Three malicious VPN extensions on the Chrome Web Store infected 1.5 million devices before being removed by Google

The big picture: Malicious browser extensions remain a problem on the Chrome Web Store, but Google has been proactive in recent years in its attempts to make life safer for Chrome users. The company routinely deletes malicious extensions from its store, and has now removed three dangerous add-ons that were posing as VPNs.

The fake VPN extensions were discovered by cybersecurity researchers at ReasonLabs, who say the malicious software was distributed through torrents of popular video games, such as Grand Theft Auto, The Sims 4, Heroes 3 and Assassin's Creed.
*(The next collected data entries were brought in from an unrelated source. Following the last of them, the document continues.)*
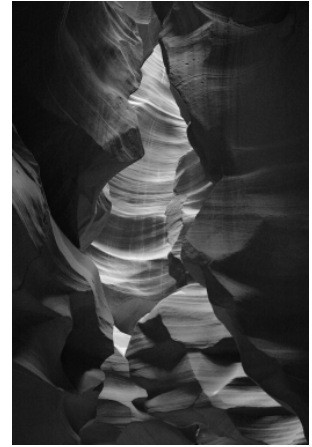
Antelope Canyon
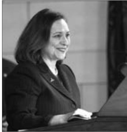
Sen. Deb Fischer District 43, Valentine
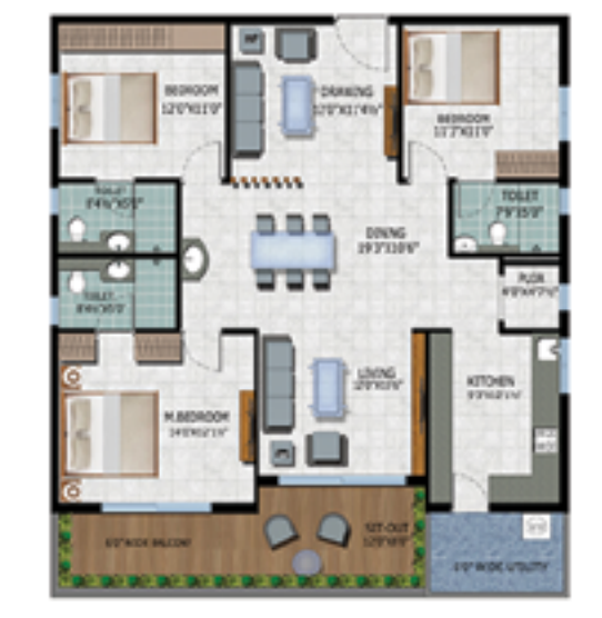
5. NORTH FACING 3BHK | 2015 SQ.FT

The trojan installers, which were Electron apps between 60MB and 100MB in size, were reportedly found in more than 1,000 different torrent files, and worked like legitimate VPNs at first to avoid detection.

Once the files were downloaded on a computer, the VPN extensions automatically installed on the system without any interaction on the part of the user. The installer also reportedly checked for anti-malware software on the infected device before forcibly installing one of at least three fake VPN extensions. The most popular of the three was netPlus, which had over 1 million users, while the other two were netSave and netWin, which accounted for a further 500,000 installs.

The developers of the malicious extensions tried their best to portray them as authentic by offering some actual VPN functionality, as well as paid subscription tiers that made them look genuine at first glance. However, all three were abusing the 'offscreen' permission, enabling them to run scripts through the Offscreen API, gaining comprehensive access to the web page's current DOM (Document Object Model), enabling them to steal sensitive user data.

The extensions were also able to hijack browsers, manipulate web requests, and even disable other extensions automatically. As per the report, the malware disabled cashback extensions on the infected computer and redirected profits to the criminals. The malware reportedly targeted over 100 legitimate cashback extensions, including Avast SafePrice, AVG SafePrice, Honey: Automatic Coupons & Rewards, LetyShops, Megabonus, AliRadar Shopping Assistant, Yandex.Market Adviser, ChinaHelper, and Backlit.

Google has removed all three extensions from the Chrome web store after being contacted by ReasonLabs, but not before they infected around 1.5 million devices. While these extensions are now history, they are unlikely to be the last pieces of malware on the Chrome Web Store, so it's imperative that people stay vigilant about what they install on their devices.